When the forces of evil have thrown off the weapons of light in His word and sacraments, they resort to physical violence to impose their will. This is the violence visited by the same forces on our cities and who are demanding the eradication of policing, which will be the last obstruction to their conquest.

The disorder of intimidation and physical violence is the last and most effective weapon of the anarchist forces of destruction.

Laws are a threat to the Godless whose lack of creed makes every act acceptable. In their base calculus, wants trump needs and duties. These are the anarchists of the CHOP zone in Seattle where BLM protesters have established a Muslim-style “no go” zone, as now seen in many European cities. A brave black woman evangelist named Bevelyn Beatty preached to the mob there, urging them to reject Joe Biden as he is no friend to blacks. It’s unlikely she got through to them, however.

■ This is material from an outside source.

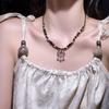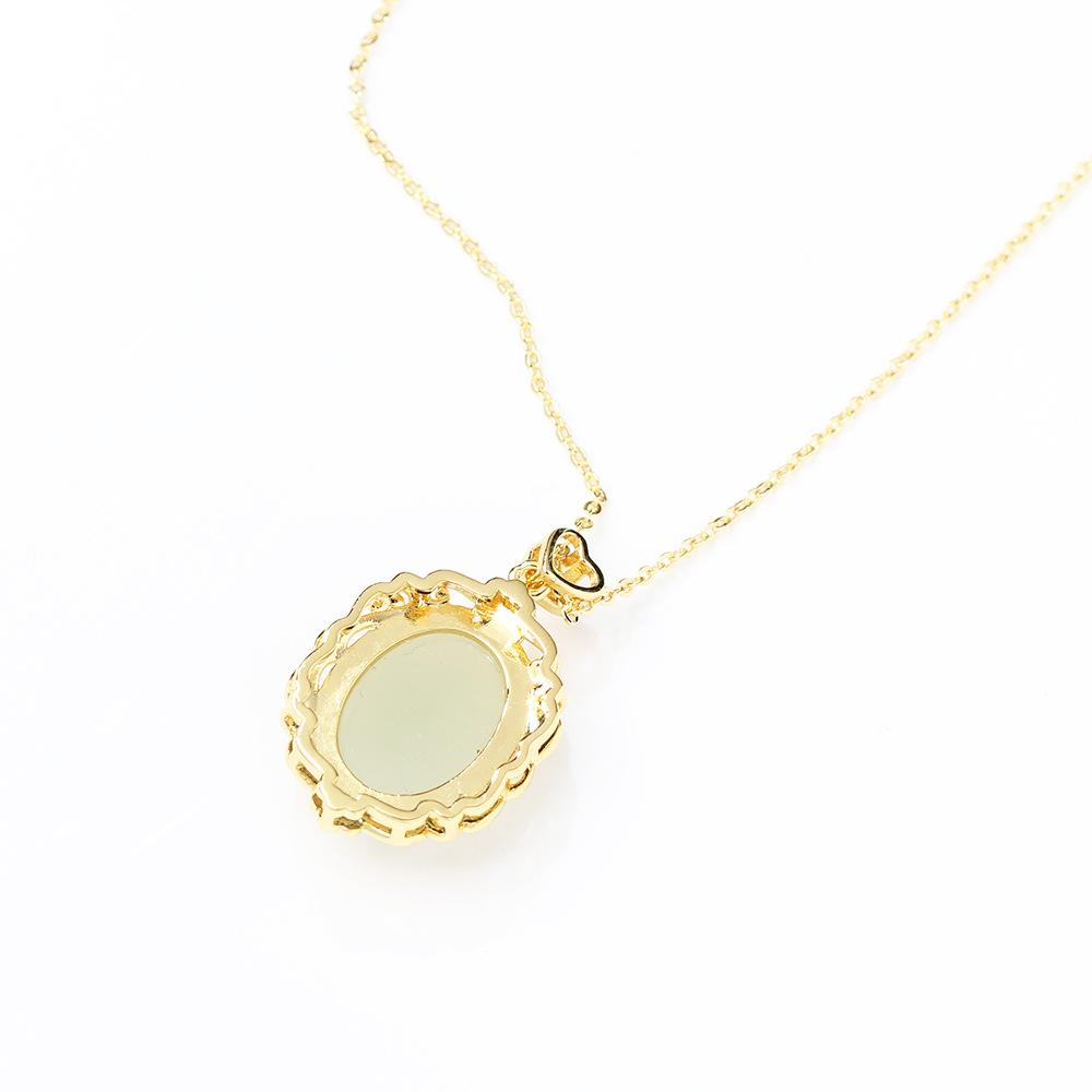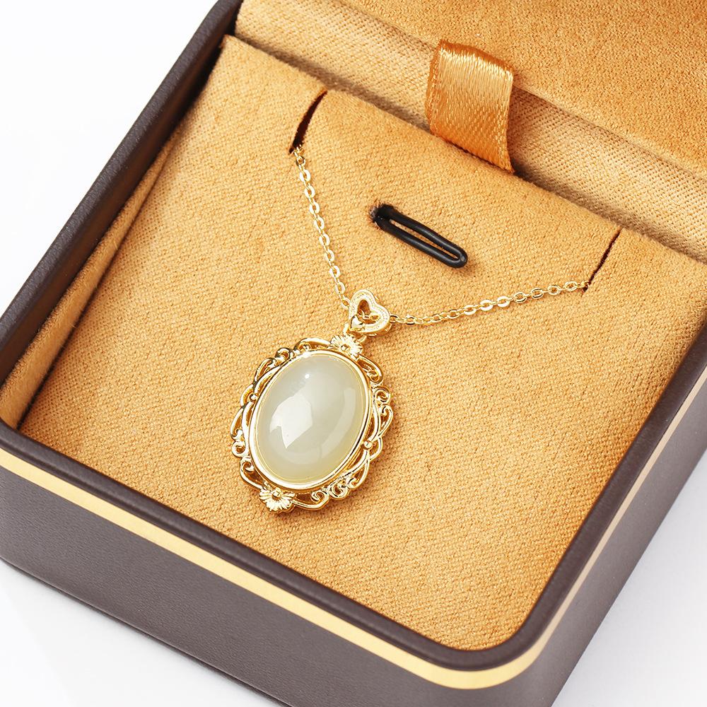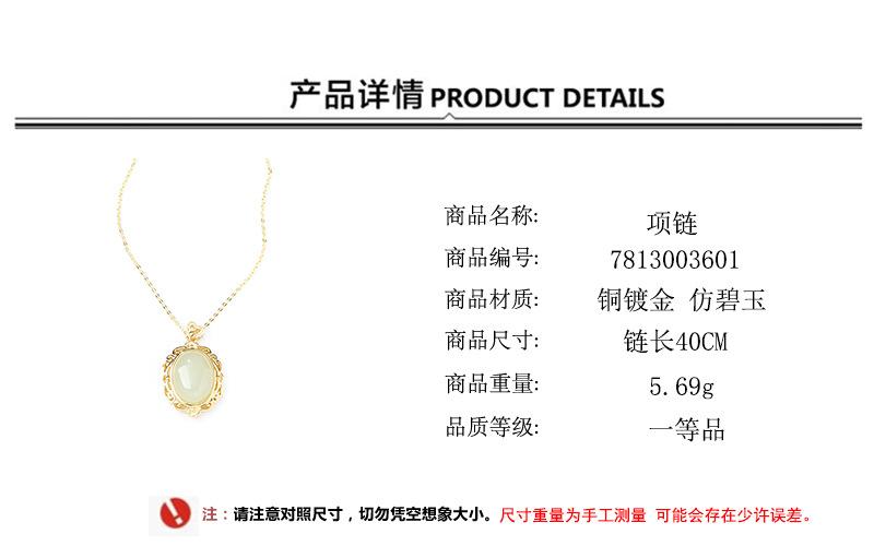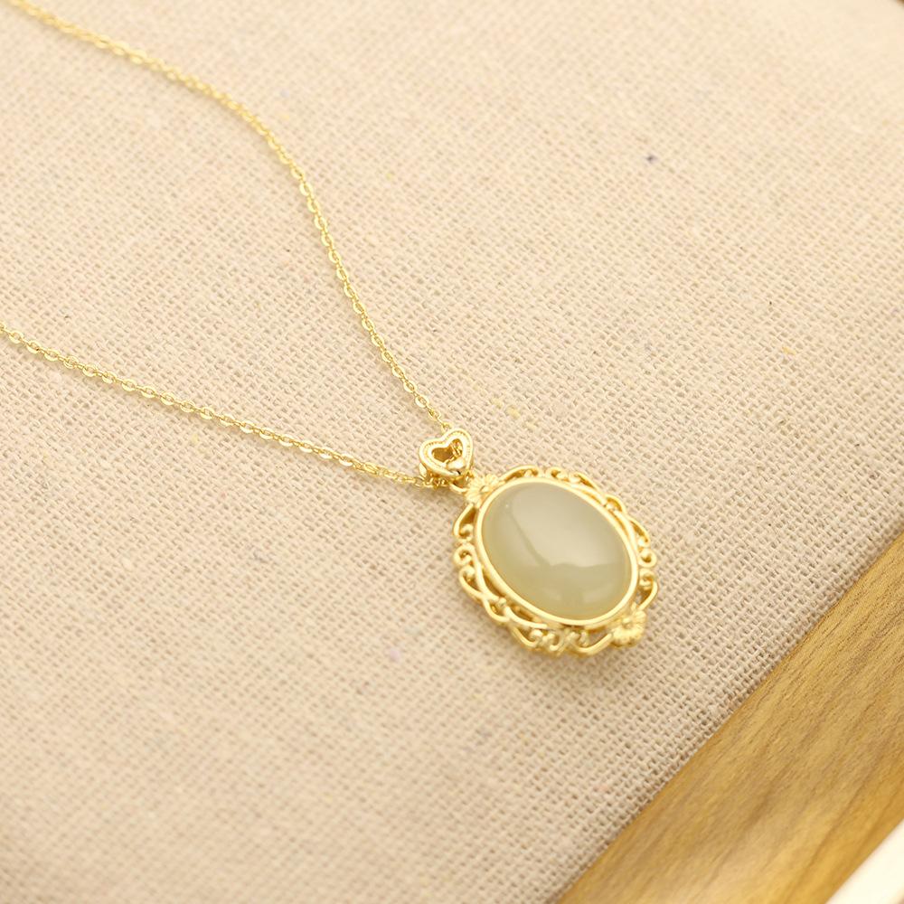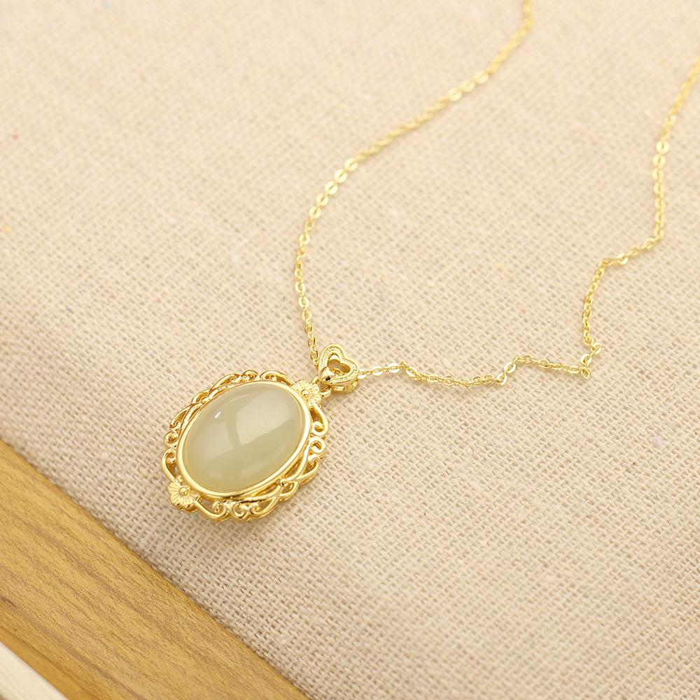 Nuevo colgante de jade hetiano de imitación ovalado con diseño hueco de estilo palacio chino, cadena de clavícula sencilla chapada en oro, collar para mujer

Within our parishes, abuses in the name of Vatican II “ecumenism” took the evangelical zeal out of the Catholic Church mission. As increasing numbers become unbelievers a remnant will be left to carry the faith onward.

The Church and the family have already experimented with retreating within the walls of the monastery under the COVID shutdown. Families stayed home and ordered in what they needed beyond the necessities obtained on limited authorized trips to some, though not all, stores. Home-schooling and teleworking increased the sense of social distancing from the storms beyond the four walls, as well as the threatening virus.

The Church on the other hand shut down too much in some instances, preventing any and all access to sacraments as well as corporate worship, even in danger of death in a most extreme and misguided zeal for complying with social strictures.

When vandals took over Europe, the Christians retreated behind monastery walls. We now have a choice before us. The family may have to indeed retreat more and more within the walls of the home, a kind of monastery akin to COVID life, with increasingly fewer forays into the outside world minimally for work, food, or medical needs.

The Church must shake off the false “ecumenical” malaise that imposes a kind of indifference to unbelief. No, like the annual Corpus Christi procession, the Church must take up the arms of the word in traditional sacraments, Scripture, and the prayer of the Mass, and advance like Christopher Columbus once again to claim new lands for Christ and His Kingdom.

No greater or more necessary gift can be conferred upon the darkness and disorder of the modern world than saving the light and grace of Christ the Truth.